Sarah P. lowers her head. “My dad’s arm keeps growing. It drags on the floor. It is soft and he can wrap it up and tie it in a knot.”
Genevieve, putting her hand on Sarah P.’s sleeping-bag-burrowed body, says, “I wonder what mine will be like. I want to have two. I think it’s better to fall in love twice, once to try it out and twice to know for sure. I want the first arm to be a stump and the second to be full grown.”
“I only want one. I only want one perfect one.” Pheenie shakes her head.
The girls go quiet and all the arms of all the loves they do not have yet beat silent beneath their skin. They thump and prepare.
• • •
AFTER ALL THE STUDENTS save the detentioners have left the building for the weekend, Principal Kevin again tells the story of his love. His wife’s beauty surpasses the Louvre, the Sistine. Both his secretaries chirp.

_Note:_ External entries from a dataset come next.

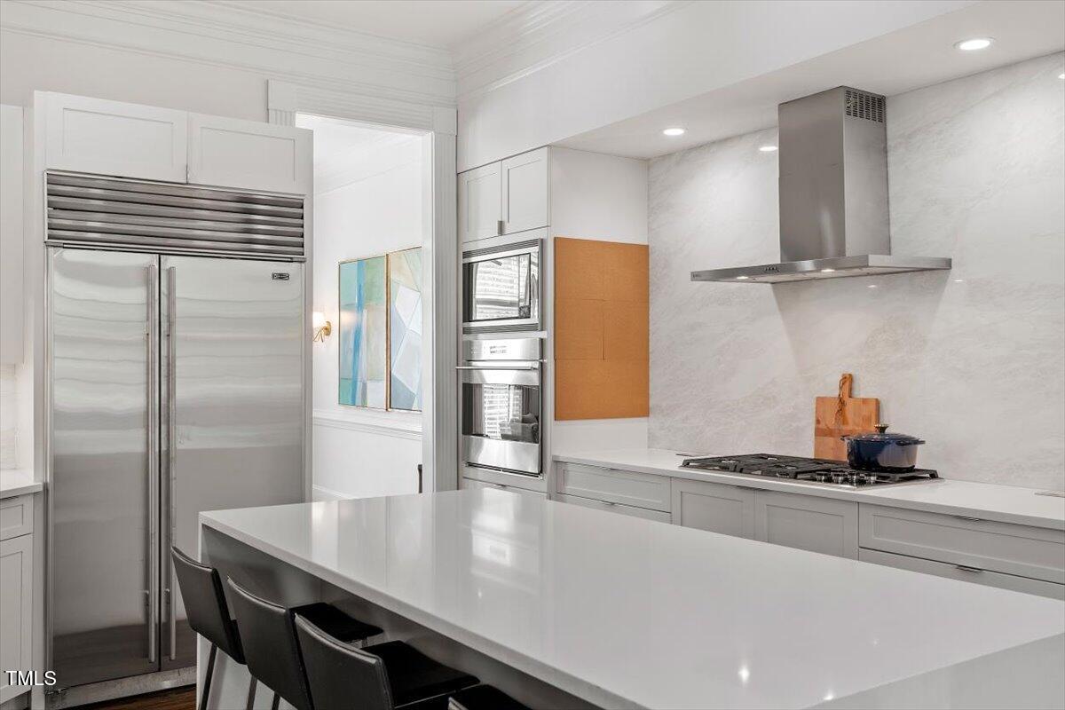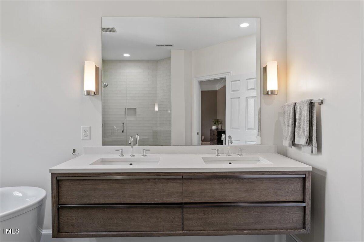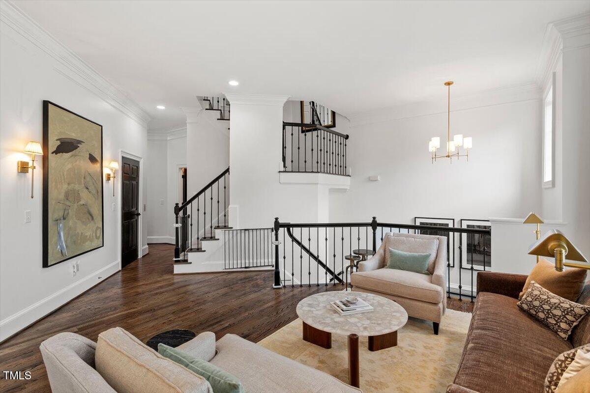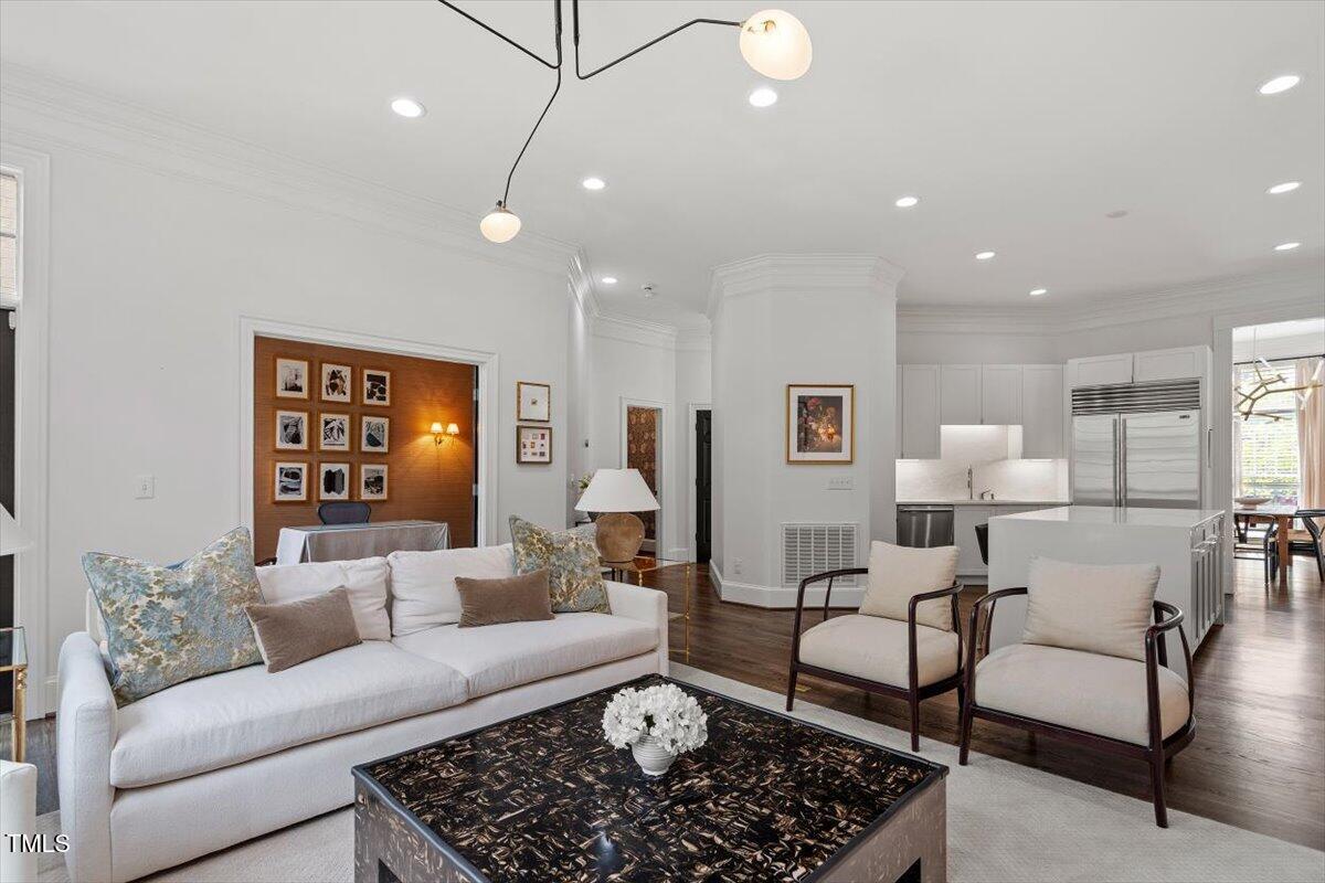 Boasting more upgrades than other recent sales in the community, this home has been polished from top to bottom with high-design finishes. The chef's kitchen is equal parts sleek and sophisticated with quartz counters, full-slab backsplash, professional-grade appliances, and a layout that makes entertaining a breeze. Whether you're hosting a dinner party in the elegant dining room, enjoying cocktails in the light-filled living room, or cozying up in the upstairs family room with a fireplace and views of the treetops--this home checks all the boxes.
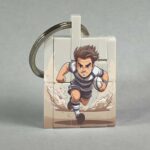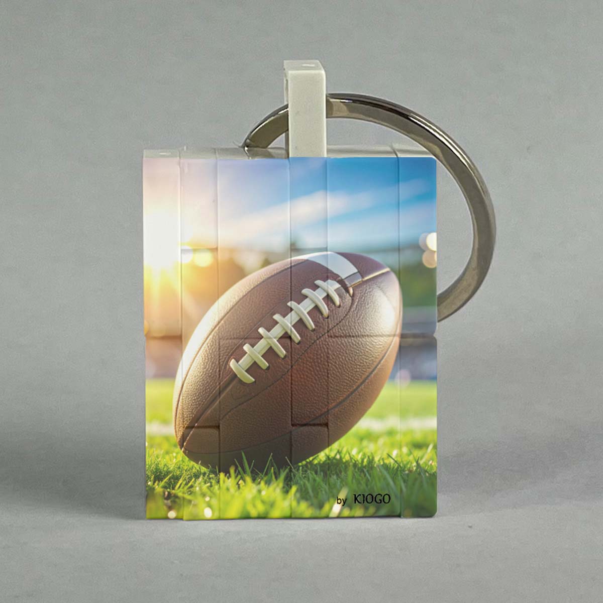Quantità blocchetti: 14 Misure: h 40 (60 con anello) x L 26 x P 8 Lavorazione: Stampa fronte con disegno di ragazzo che gioca a rugby. Stampa retro con immagine di un pallone da rugby. Personalizzazione: NO
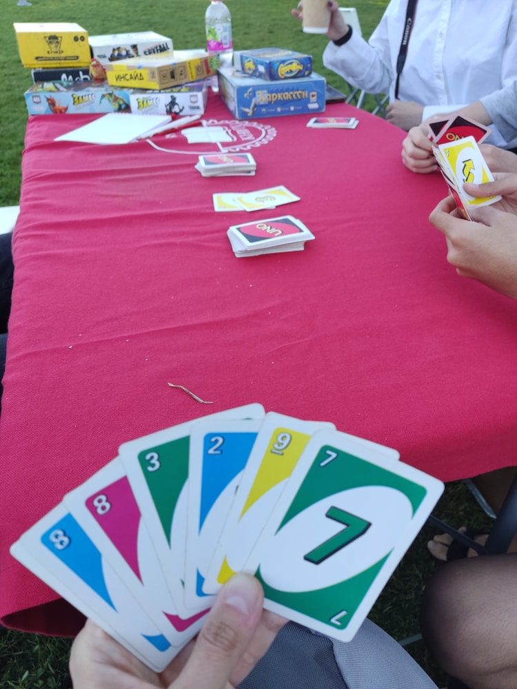 Тут ко мне прибежал радостный сын, научившийся играть ещё и в Каркассон, и мы все вместе человек семь, наверное, играли в уно. Тоже очень весело оказалось - то ты уно забыл сказать, то ход поменялся...
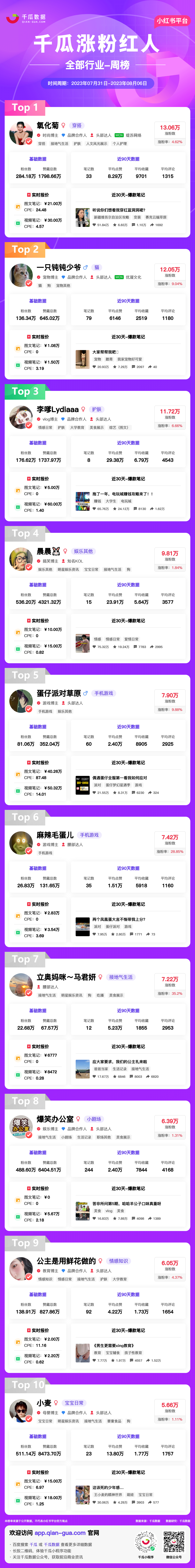 小红书涨粉红人-全部行业中“氧化菊”排名第一,涨粉数13.06万;“晨晨”排名第二,涨粉数12.05万;“李嗲Lydiaaa”排名第三,涨粉数11.72万。
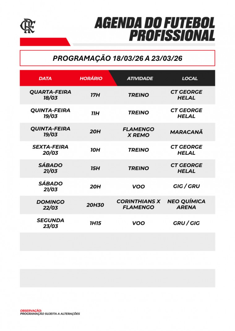Agenda do futebol profissional (18/03/26 a 23/03/26) Por Comunicação Flamengo - em 20/03/2026 às 18:32
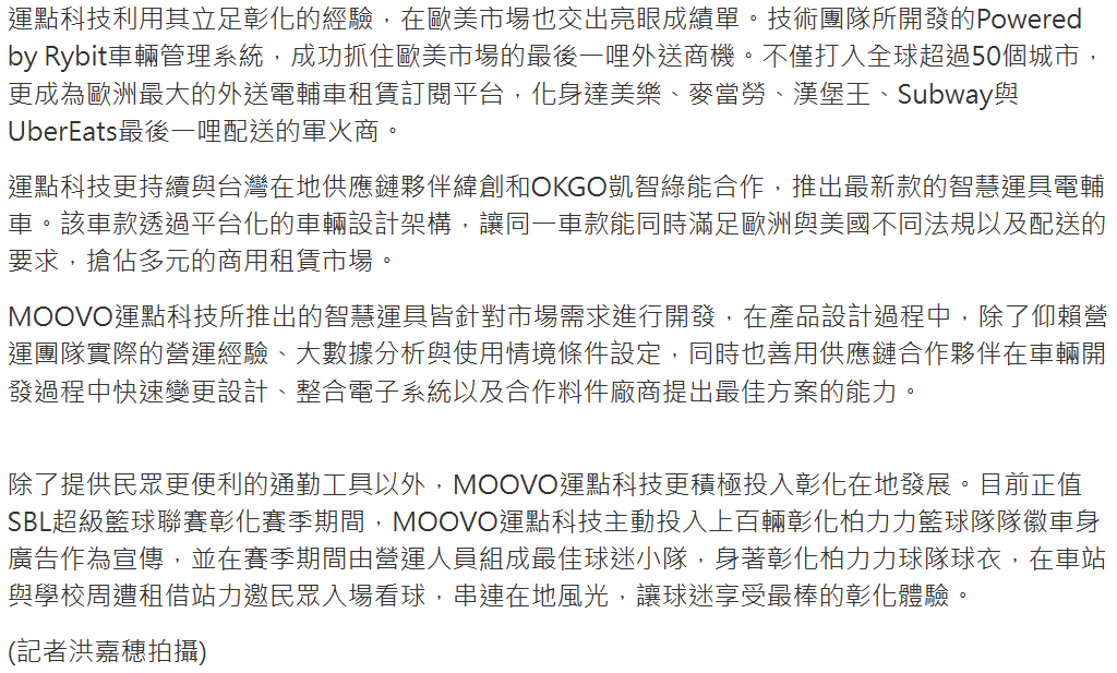 Building on the success in Changhua, MOOVO is now expanding its e-bike rental services globally through partnerships with Taiwanese supply chain leaders Wistron and OKGO Kaichi GreenTech. Leveraging its operational expertise, MOOVO has gained strong traction in the US and European markets.
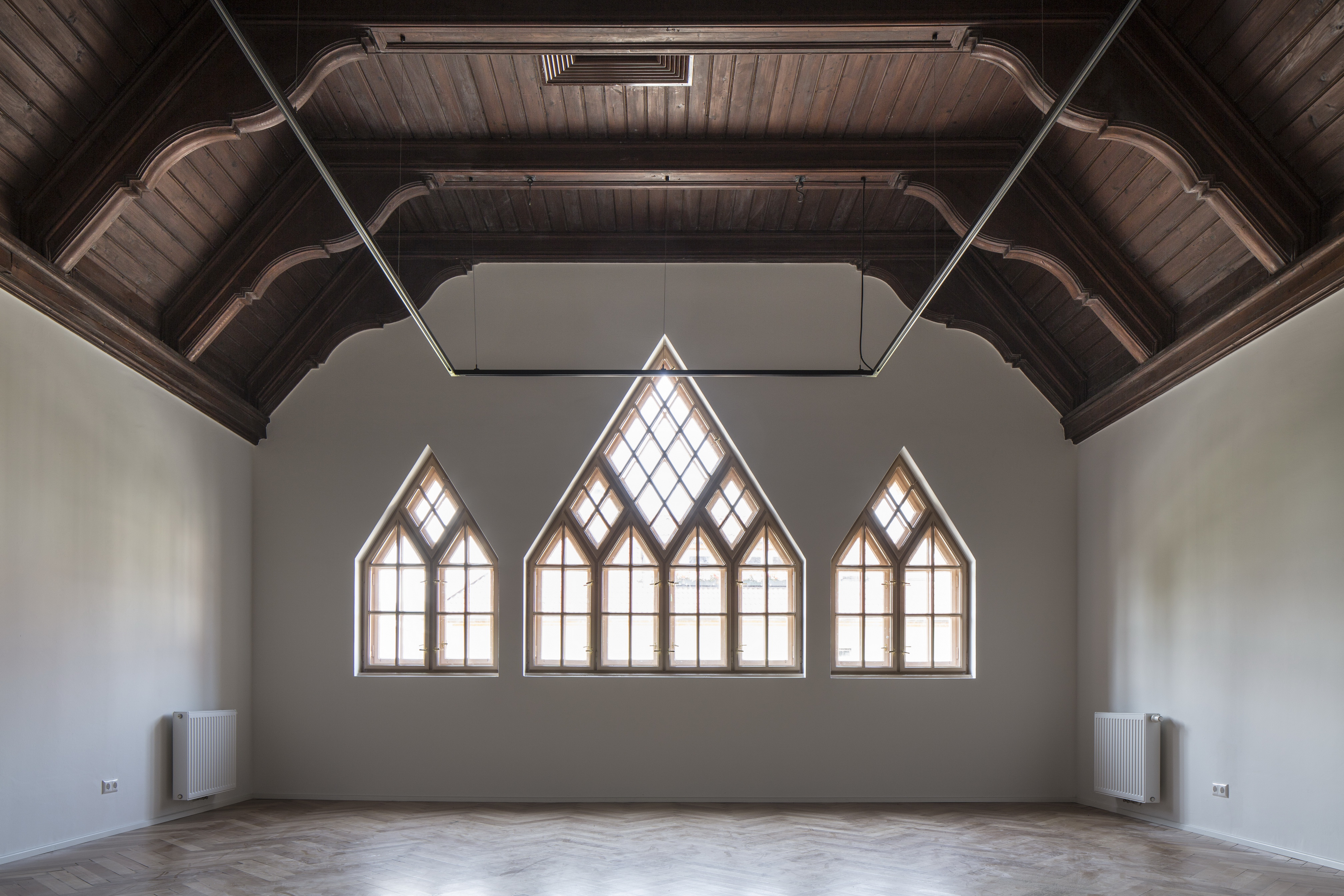 Das Gebäude zeichnet sich durch seine stark gegliederten Tore an der Straßenhauptfassade aus. Die große Dachfläche wird durch einen enormen Frontgiebel aufgelöst. Das Gebäude umfasst zwei Vollgeschosse, ein Dachgeschoss und eine Teilunterkellerung. Der Zugang erfolgt vom Franz-Baumgartner-Platz.

They wide-eye his love-grown arm and tilt their heads and wish for what he has.
“You might not know what it feels like, but I do,” he tells them, “and it’s terrific .”
In fact, Principal Kevin stuffs his third sleeve. He stuffs it, but no one at school knows he does. The sleeve is filled with a prosthetic, a real fake arm commissioned from the lab at the hospital. It screws onto a threaded metal disc implanted on his chest. At the write end: a stump. The stump is sewn up to look like the hand has been amputated. Principal Kevin is smart enough to know that a fake hand looks fake, and instead of giving up the whole beautiful vision, he tells a story about a kitchen fire in which he saved his wife and daughter but his third hand, his lovely third hand, was burned to a crisp.
But Principal Kevin knows himself. He is sure that if he did have a love arm, and if he had lost the hand to it, he would have wanted a replacement. It’s the kind of man he is—everything in its place. So, attached to the very real-looking stump with big, obvious screws, is a wooden hand. It is the fakest he could find, an art class model. Against this, the arm looks especially lifelike.